# What to do
The entries that follow need to be reproduced exactly, minus any images.
* * *
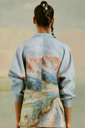 Care: Dry Clean Only. As garments are handmade and handwoven, natural variations in colours and weaves are a characteristic of the textile, and may be found in the finished garments as well.
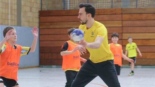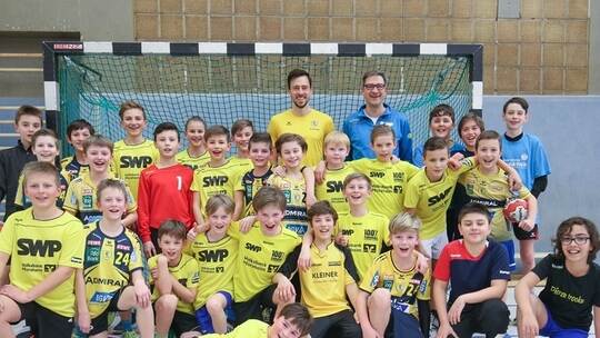 Die Trainingseinheit mit dem 123-fachen deutschen Nationalspieler (325 Tore) hatte eigentlich die B-Jugend der SG Pforzheim/Eutingen bei einem Turnier der Rhein-Neckar Löwen als Preis gewonnen. Die älteren SG-Talente überließen ihren „Gewinn“ aber großzügig den jüngeren Handballern. „Wir wollten auch, dass so viele Kinder wie möglich an dem Training teilnehmen“, sagte Ulf Meißner, der Coach der in diesem Jahr sehr erfolgreichen E-Jugend der SG. Mit dabei waren auch die D-Jugendlichen, die von Beate Lupus trainiert werden. Bei der E-Jugend erlebt die SG derzeit einen Boom und bräuchte dringend mehr Hallenzeiten, um dem Andrang an jungen Spielern Herr zu werden.
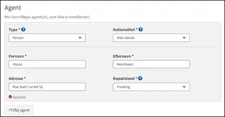 Hvis agenten er ikke-dansk, skal fornavn, efternavn, adresse og bopælsland udfyldes.
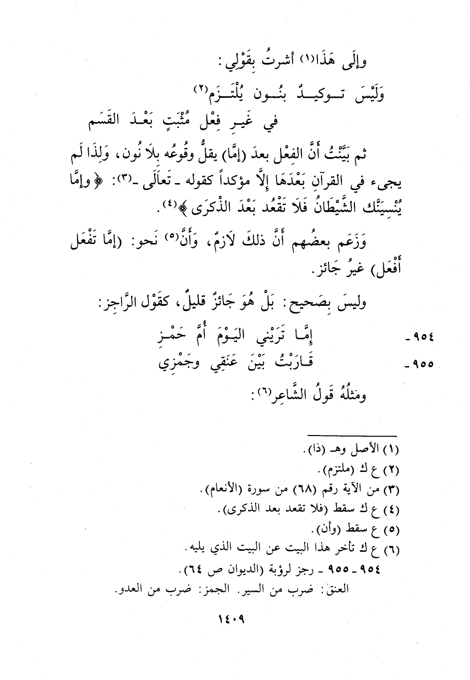 ثم بينت أن الفعل بعد "إما" يقل وقوعه بلا نون، ولذا لم يجئ في القرآن بعدها إلا مؤكدا كقوله تعالى3: {وَإِمَّا يُنْسِيَنَّكَ الشَّيْطَانُ فَلا تَقْعُدْ بَعْدَ الذِّكْرَى} 4.
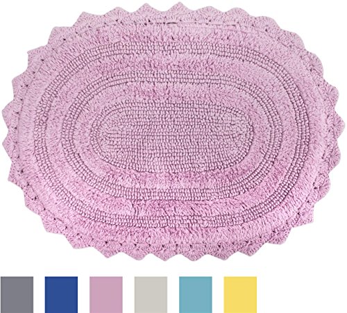 DII Ultra Soft Spa Cotton Crotchet Oval Bath Mat Place in Front of Shower, Vanity, Bath Tub, Sink, and Toilet, 17 x 24" - Mauve
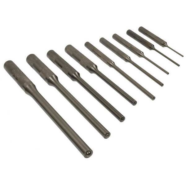 Roll Pin Punch Set, Set Type Punch Set, Types Included Pilot Punch, Number of Pieces 9, Includes Handle No, Includes Handguard No, Material Applications Metal, Stainless Steel, Overall Length 2 3/4 in, 3 1/4 in, 3 1/2 in, 4 in, 4 1/2 in, 5 in, 5 1/2 in, 6 in, Includes 1/4 in x 5-1/2 in, 1/8 in x 4 in, 3/16 in x 4-1/2 in, 3/32 in x 3-1/2 in, 5/16 in x 6 in, 5/32 in x 4-1/2 in, 5/64 in x 3-1/4 in, 7/32 in x 5 in, Pilot Punch: 1/16 in x 2-3/4 in
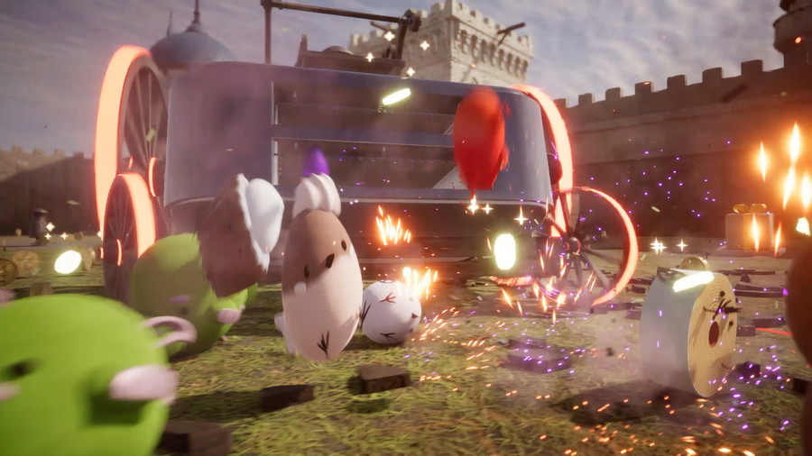 ・マシンガンを撃つカヌレやレーザービームを放つバームクーヘンなど、個性豊かなスイーツたちが大乱闘を繰り広げるハチャメチャなコイン争奪戦
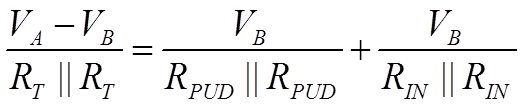 当两个模块都处于接收状态时,可以根据基尔霍夫电流定律对节点A和节点B列出下列公式:
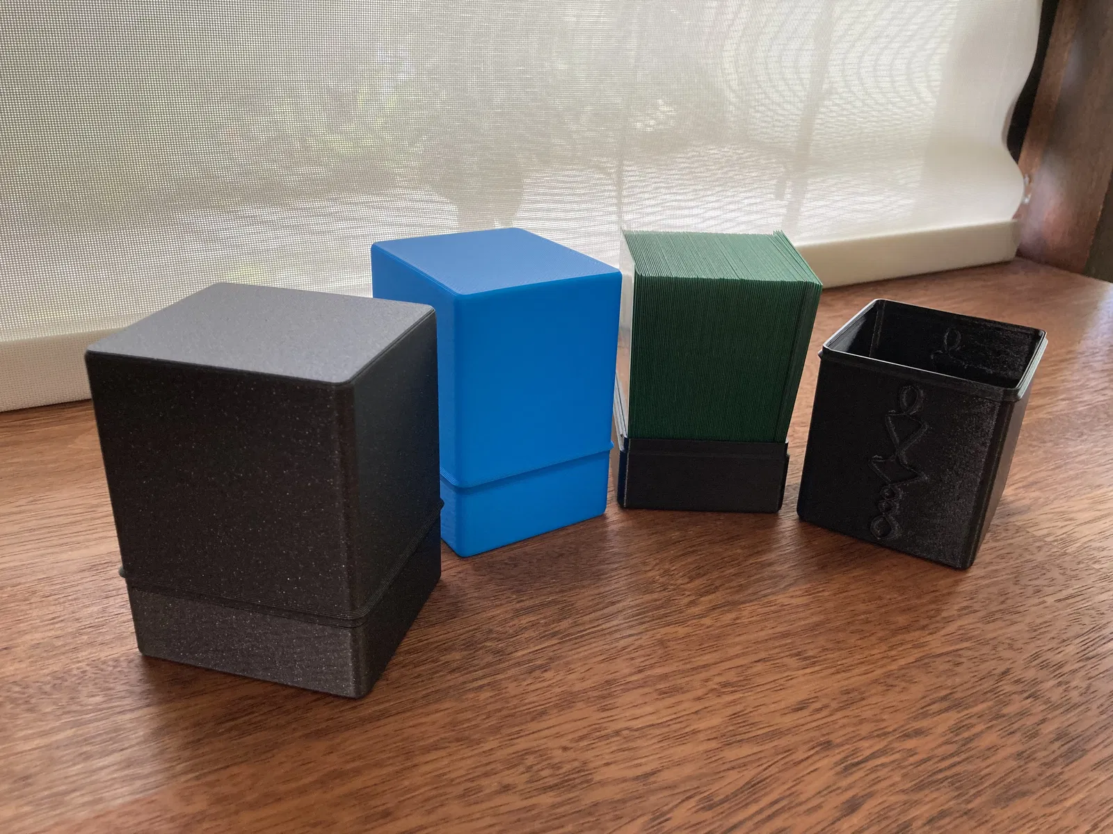 Hộp đựng bài dạng tham số này được thiết kế để chứa một bộ bài commander 100 lá MTG và in bằng chế độ lọ. Tệp Fusion360 dạng tham số cho phép tùy chỉnh nhiều yếu tố như chiều rộng, chiều dài lá bài, độ dày thành hộp, và khe hở. Các tệp 3MF cho hộp dưới, hộp trên có và không có trang trí đã được cung cấp sẵn.
* * *
# Solution to the problem
 Care: Dry Clean Only. As garments are handmade and handwoven, natural variations in colours and weaves are a characteristic of the textile, and may be found in the finished garments as well.
 Die Trainingseinheit mit dem 123-fachen deutschen Nationalspieler (325 Tore) hatte eigentlich die B-Jugend der SG Pforzheim/Eutingen bei einem Turnier der Rhein-Neckar Löwen als Preis gewonnen. Die älteren SG-Talente überließen ihren „Gewinn“ aber großzügig den jüngeren Handballern. „Wir wollten auch, dass so viele Kinder wie möglich an dem Training teilnehmen“, sagte Ulf Meißner, der Coach der in diesem Jahr sehr erfolgreichen E-Jugend der SG. Mit dabei waren auch die D-Jugendlichen, die von Beate Lupus trainiert werden. Bei der E-Jugend erlebt die SG derzeit einen Boom und bräuchte dringend mehr Hallenzeiten, um dem Andrang an jungen Spielern Herr zu werden.
 Hvis agenten er ikke-dansk, skal fornavn, efternavn, adresse og bopælsland udfyldes.
 ثم بينت أن الفعل بعد "إما" يقل وقوعه بلا نون، ولذا لم يجئ في القرآن بعدها إلا مؤكدا كقوله تعالى3: {وَإِمَّا يُنْسِيَنَّكَ الشَّيْطَانُ فَلا تَقْعُدْ بَعْدَ الذِّكْرَى} 4.
 DII Ultra Soft Spa Cotton Crotchet Oval Bath Mat Place in Front of Shower, Vanity, Bath Tub, Sink, and Toilet, 17 x 24" - Mauve
 Roll Pin Punch Set, Set Type Punch Set, Types Included Pilot Punch, Number of Pieces 9, Includes Handle No, Includes Handguard No, Material Applications Metal, Stainless Steel, Overall Length 2 3/4 in, 3 1/4 in, 3 1/2 in, 4 in, 4 1/2 in, 5 in, 5 1/2 in, 6 in, Includes 1/4 in x 5-1/2 in, 1/8 in x 4 in, 3/16 in x 4-1/2 in, 3/32 in x 3-1/2 in, 5/16 in x 6 in, 5/32 in x 4-1/2 in, 5/64 in x 3-1/4 in, 7/32 in x 5 in, Pilot Punch: 1/16 in x 2-3/4 in
 ・マシンガンを撃つカヌレやレーザービームを放つバームクーヘンなど、個性豊かなスイーツたちが大乱闘を繰り広げるハチャメチャなコイン争奪戦
 当两个模块都处于接收状态时,可以根据基尔霍夫电流定律对节点A和节点B列出下列公式:
 Hộp đựng bài dạng tham số này được thiết kế để chứa một bộ bài commander 100 lá MTG và in bằng chế độ lọ. Tệp Fusion360 dạng tham số cho phép tùy chỉnh nhiều yếu tố như chiều rộng, chiều dài lá bài, độ dày thành hộp, và khe hở. Các tệp 3MF cho hộp dưới, hộp trên có và không có trang trí đã được cung cấp sẵn.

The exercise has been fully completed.